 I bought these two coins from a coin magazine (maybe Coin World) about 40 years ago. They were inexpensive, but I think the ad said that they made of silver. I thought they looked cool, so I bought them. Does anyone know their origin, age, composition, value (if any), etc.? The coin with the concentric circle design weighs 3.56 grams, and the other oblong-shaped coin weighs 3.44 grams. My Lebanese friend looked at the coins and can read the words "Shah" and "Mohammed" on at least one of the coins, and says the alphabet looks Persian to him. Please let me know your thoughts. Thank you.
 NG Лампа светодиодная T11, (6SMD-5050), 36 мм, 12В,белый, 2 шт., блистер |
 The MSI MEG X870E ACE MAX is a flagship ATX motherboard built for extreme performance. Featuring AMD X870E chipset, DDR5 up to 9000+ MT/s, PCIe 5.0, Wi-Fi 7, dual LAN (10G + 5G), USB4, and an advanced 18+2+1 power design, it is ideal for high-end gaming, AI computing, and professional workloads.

•••••

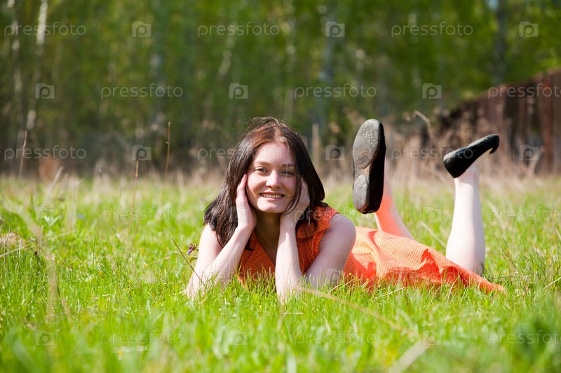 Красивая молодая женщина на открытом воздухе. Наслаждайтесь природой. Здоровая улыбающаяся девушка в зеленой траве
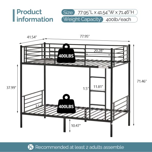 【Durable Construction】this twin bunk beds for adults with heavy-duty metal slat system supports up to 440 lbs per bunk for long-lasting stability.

•••••

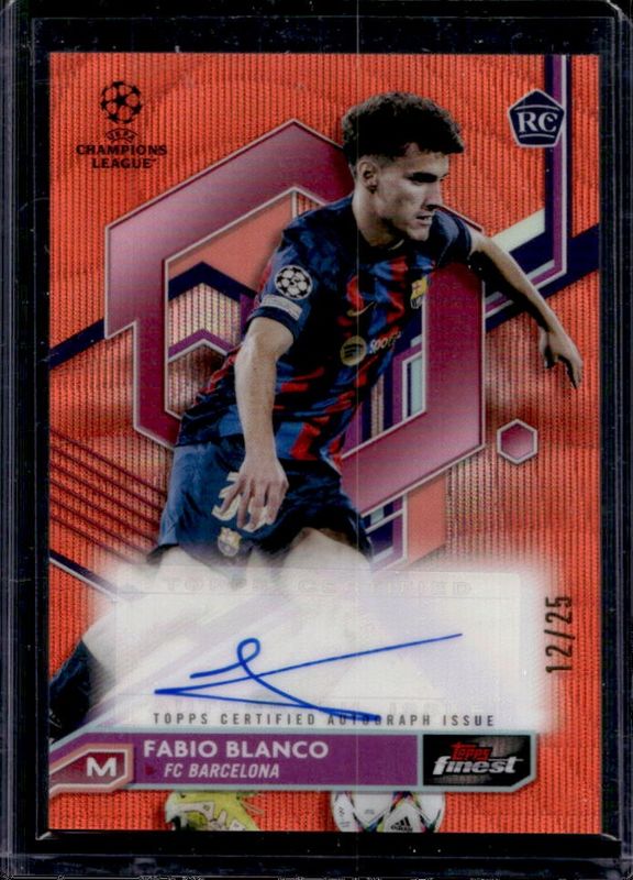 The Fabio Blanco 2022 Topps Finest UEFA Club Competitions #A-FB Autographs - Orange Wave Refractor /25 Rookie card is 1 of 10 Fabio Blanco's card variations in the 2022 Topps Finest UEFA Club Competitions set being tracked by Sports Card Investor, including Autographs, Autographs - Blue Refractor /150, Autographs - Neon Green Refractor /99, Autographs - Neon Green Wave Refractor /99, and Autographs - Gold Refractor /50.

•••••

THE PROBLEM: Among the entries above, copy exactly only the lines starting with the one containing "I bought these" and going through the one containing "The MSI MEG", both ends included.

EXERCISE OUTPUT:
 I bought these two coins from a coin magazine (maybe Coin World) about 40 years ago. They were inexpensive, but I think the ad said that they made of silver. I thought they looked cool, so I bought them. Does anyone know their origin, age, composition, value (if any), etc.? The coin with the concentric circle design weighs 3.56 grams, and the other oblong-shaped coin weighs 3.44 grams. My Lebanese friend looked at the coins and can read the words "Shah" and "Mohammed" on at least one of the coins, and says the alphabet looks Persian to him. Please let me know your thoughts. Thank you.
 NG Лампа светодиодная T11, (6SMD-5050), 36 мм, 12В,белый, 2 шт., блистер |
 The MSI MEG X870E ACE MAX is a flagship ATX motherboard built for extreme performance. Featuring AMD X870E chipset, DDR5 up to 9000+ MT/s, PCIe 5.0, Wi-Fi 7, dual LAN (10G + 5G), USB4, and an advanced 18+2+1 power design, it is ideal for high-end gaming, AI computing, and professional workloads.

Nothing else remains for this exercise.